数据库链接长时间无数据交互,发生线程阻塞情况

背景:

 在执行双机房部署的时候,因为应用长时间未访问数据库,导致后面访问的数据库的线程都被挂起。

 

现象分析:

"Thread-74" daemon prio=10 tid=0x00007f1840044000 nid=0x387b runnable [0x00007f18bdb27000]
   java.lang.Thread.State: RUNNABLE
        at java.net.SocketInputStream.socketRead0(Native Method)
        at java.net.SocketInputStream.read(SocketInputStream.java:129)
        at oracle.net.ns.Packet.receive(Unknown Source)
        at oracle.net.ns.DataPacket.receive(Unknown Source)
        at oracle.net.ns.NetInputStream.getNextPacket(Unknown Source)
        at oracle.net.ns.NetInputStream.read(Unknown Source)
        at oracle.net.ns.NetInputStream.read(Unknown Source)
        at oracle.net.ns.NetInputStream.read(Unknown Source)
        at oracle.jdbc.driver.T4CMAREngine.unmarshalUB1(T4CMAREngine.java:1109)
        at oracle.jdbc.driver.T4CMAREngine.unmarshalSB1(T4CMAREngine.java:1080)
        at oracle.jdbc.driver.T4C8Oall.receive(T4C8Oall.java:485)
        at oracle.jdbc.driver.T4CStatement.doOall8(T4CStatement.java:210)
        at oracle.jdbc.driver.T4CStatement.executeForDescribe(T4CStatement.java:804)
        at oracle.jdbc.driver.OracleStatement.executeMaybeDescribe(OracleStatement.java:1051)
        at oracle.jdbc.driver.T4CStatement.executeMaybeDescribe(T4CStatement.java:845)
        at oracle.jdbc.driver.OracleStatement.doExecuteWithTimeout(OracleStatement.java:1156)
        at oracle.jdbc.driver.OracleStatement.executeQuery(OracleStatement.java:1315)
        - locked <0x00000000be528248> (a oracle.jdbc.driver.T4CStatement)
        - locked <0x00000000c4d1b000> (a oracle.jdbc.driver.T4CConnection)
        at oracle.jdbc.driver.PhysicalConnection.doPingDatabase(PhysicalConnection.java:4614)
        at oracle.jdbc.driver.PhysicalConnection$1.run(PhysicalConnection.java:4590)
        at java.lang.Thread.run(Thread.java:662)

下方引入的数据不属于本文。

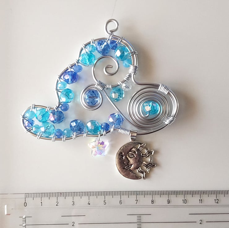 This unique wire art cloud in blue and turquoise would make a beautiful gift for any occasion.

   Locked ownable synchronizers:

DubboServerHandler-172.21.55.25:20883-thread-13" daemon prio=10 tid=0x00007f1828012800 nid=0x3867 in Object.wait() [0x00007f18be305000]
   java.lang.Thread.State: TIMED_WAITING (on object monitor)
        at java.lang.Object.wait(Native Method)
        - waiting on <0x00000000be51e0b0> (a java.lang.Thread)
        at java.lang.Thread.join(Thread.java:1194)
        - locked <0x00000000be51e0b0> (a java.lang.Thread)
        at oracle.jdbc.driver.PhysicalConnection.pingDatabase(PhysicalConnection.java:4596)
        at sun.reflect.GeneratedMethodAccessor3.invoke(Unknown Source)
        at sun.reflect.DelegatingMethodAccessorImpl.invoke(DelegatingMethodAccessorImpl.java:25)
        at java.lang.reflect.Method.invoke(Method.java:597)
        at com.alibaba.druid.pool.vendor.OracleValidConnectionChecker.isValidConnection(OracleValidConnectionChecker.java:94)
        at com.alibaba.druid.pool.DruidAbstractDataSource.testConnectionInternal(DruidAbstractDataSource.java:1252)
        at com.alibaba.druid.pool.DruidDataSource.getConnectionDirect(DruidDataSource.java:954)
        at com.alibaba.druid.pool.DruidDataSource.getConnection(DruidDataSource.java:921)
        at com.alibaba.druid.pool.DruidDataSource.getConnection(DruidDataSource.java:911)
        at com.alibaba.druid.pool.DruidDataSource.getConnection(DruidDataSource.java:98)
        at org.springframework.jdbc.datasource.DataSourceUtils.doGetConnection(DataSourceUtils.java:113)
        at org.springframework.jdbc.datasource.TransactionAwareDataSourceProxy$TransactionAwareInvocationHandler.invoke(TransactionAwareDataSourceProxy.java:210)
        at $Proxy25.toString(Unknown Source)
        at java.lang.String.valueOf(String.java:2826)
        at java.lang.StringBuffer.append(StringBuffer.java:219)
        - locked <0x00000000be4cd210> (a java.lang.StringBuffer)
        at org.springframework.orm.ibatis.SqlMapClientTemplate.execute(SqlMapClientTemplate.java:194)
        at org.springframework.orm.ibatis.SqlMapClientTemplate.executeWithListResult(SqlMapClientTemplate.java:249)
        at org.springframework.orm.ibatis.SqlMapClientTemplate.queryForList(SqlMapClientTemplate.java:296)
        at com.lianpay.bank.mng.dao.impl.BaseIbatisDAOImpl.queryAll(BaseIbatisDAOImpl.java:123)
        at com.lianpay.bank.mng.service.impl.QueryBankListServiceImpl.queryPayTypeList(QueryBankListServiceImpl.java:319)
        at sun.reflect.NativeMethodAccessorImpl.invoke0(Native Method)
        at sun.reflect.NativeMethodAccessorImpl.invoke(NativeMethodAccessorImpl.java:39)
        at sun.reflect.DelegatingMethodAccessorImpl.invoke(DelegatingMethodAccessorImpl.java:25)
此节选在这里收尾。